Drug Delivery System Volume 14, Issue 5

Recent trends and perspectives in transdermal drug delivery or infusion systems

Transdermal delivery systems containing nitroglycerin, isosorbide dinitrate and estradiol have already been in the Japanese market, and those of eperizone hydrochloride and tulobuterol are coming. Separately, topical formulations like NSAID plasters are also in the market. Through the R&D on such formulations, criteria of designing the systems and selecting the pharmaceutical additives and materials have been established, resulting in development of potential skin-penetration enhancers and iontophoresis. In addition, non-needle syringes and skin-adhesive injections are producing, which may be similar to transdermal drug delivery systems. Thus, skin will be a potential site of drug administration of many kinds of drugs to improve quality of life especially for aged patients, together with the GI tract, an absorption site of oral formulations.

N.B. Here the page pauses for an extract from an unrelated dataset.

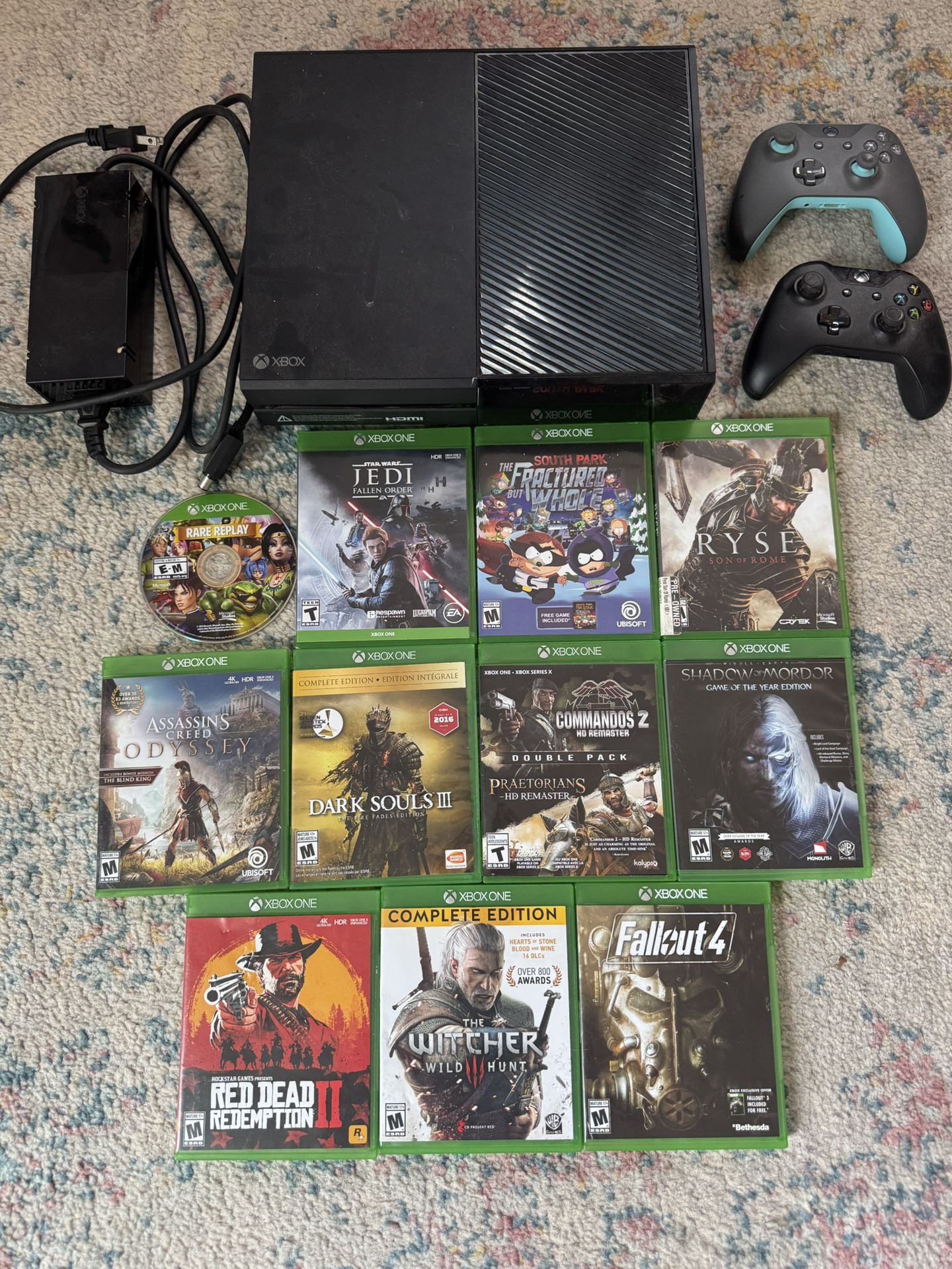 Fully working Xbox One 2 Controllers (one pro) Power cord 12 games - Red Dead Redemption II - The Witcher IlI Wild Hunt (with DLCs) - Fallout 4 - Assassin’s Creed Odyssey - Dark Souls III (Fires Fades Edition) - Shadow of Mordor (Game of the Year Edition) - Star Wars Jedi Fallen Order - South Park: The Fractured But Whole - Ryse: Son of Rome - Commandoes 2 (HD Remaster) - Praetorians (HD Remaster) - Rare Replay

SMANCS and other highly tumor targeting anticancer agents and paradigm shift in cancer chemotherapy:

Historical aspects of antibiotic and anticancer drug development were briefly reviewed. Based on the authors experience with highly tumor targeting anticancer agents especially SMANCS, several proposals are made to change old paradigm to new paradigm in cancer chemotherapy. Firstly, the dose setting based on maximum tolerable dose to that based on tumor size or tumor volume. When tumor takes up anticancer agents (usually polymeric drug) 10 times or more of the concentration in blood, then tumor with a weight of 1 kg will be equivalent to 10 kg volume (10 L) equivalent, which will be 2 fold larger than blood volume (of body weight of 65 kg). The dose of drug such as SMANGS/Lipiodol should be most reasonably calculated based on the tumor weight, i. e., tumor of 300 g should be given at least 10 times of tumor of 3 g, and perhaps administered more frequently in the larger tumor. Secondly, present criteria of efficacy (or response) for so called “no effect” include no tumor growth (no change) or to tumor size regression less than 50% reduction of the original size. If the drug is not toxic and beneficial to a patient, especially in view of QOL, such marginal or no reduction, if not progressive tumor growth, should be counted as a favorable effect. Prolonged period of no change, e.g. 3 months, should be counted as effective. Thirdly, other beneficial effect for patients such as suppression of ascitic or pleural fluid accumulation, suppression of metastasis, or recurrent rate should be counted beneficial. QOL of the patients should be evaluated more seriously. For instance, any prolongation of survival period of a patient, who is free of bed-confinement, should be taken into the account.

Transnasal delivery of anticancer drugs to the brain tumor :

The feasibility of a new chemotherapy of the brain tumor which utilizes the direct transport pathway from the nasal cavity to the cerebrospinal fluid (CSF) was evaluated using three anticancer drugs with small MW, cisplatin analogue pyridoxatodiammineplatinum (II) (P-PtB), mitomycin C (MMC) and methotrexate (MTX). In vitro anticancer activity of MTX against 9L glioma cells was particularly potent compared with P-PtB and MMC. The pharmacokinetic studies following nasal and intravenous applications revealed that P-PtB and MTX, which are relatively hydrophilic, archived significantly high concentration in the CSF following nasal application, while lipophilic MMC was not detected following both nasal and intravenous applications. Therefore, the low lipophilic anticancer drugs are suitable for the strategy. The investigations on the enhancement and duration of the drug concentration in the CSF indicated that the most favorable dosage forms of P-PtB and MTX are nebulization of the powder and instillation of a viscous CMC (carboxymethyl cellulose) solution, respectively. It was also shown that acetazoleamide, which is used clinically to reduce the renal side effect by MTX, enhanced the MTX level in the CSF and reduced the plasma MTX level. The in vivo therapeutic potencies of P-PtB and MTX applied as favorable dosage forms as shown above were evaluated using 9L-bearing animals. Compared with the non-treated animals, P-PtB neither increased the survival nor reduced the tumor weight at the death. On the contrary, the tumor weight of the rats receiving four nasal applications of MTX was significantly reduced as compared to the non-treated group and the intraperitoneal group. It was clarified that efficient chemotherapy of the brain tumor and the reduction of systemic side effects are enabled by nasal application of anticancer agents. Our strategy is thought to be clinically significant.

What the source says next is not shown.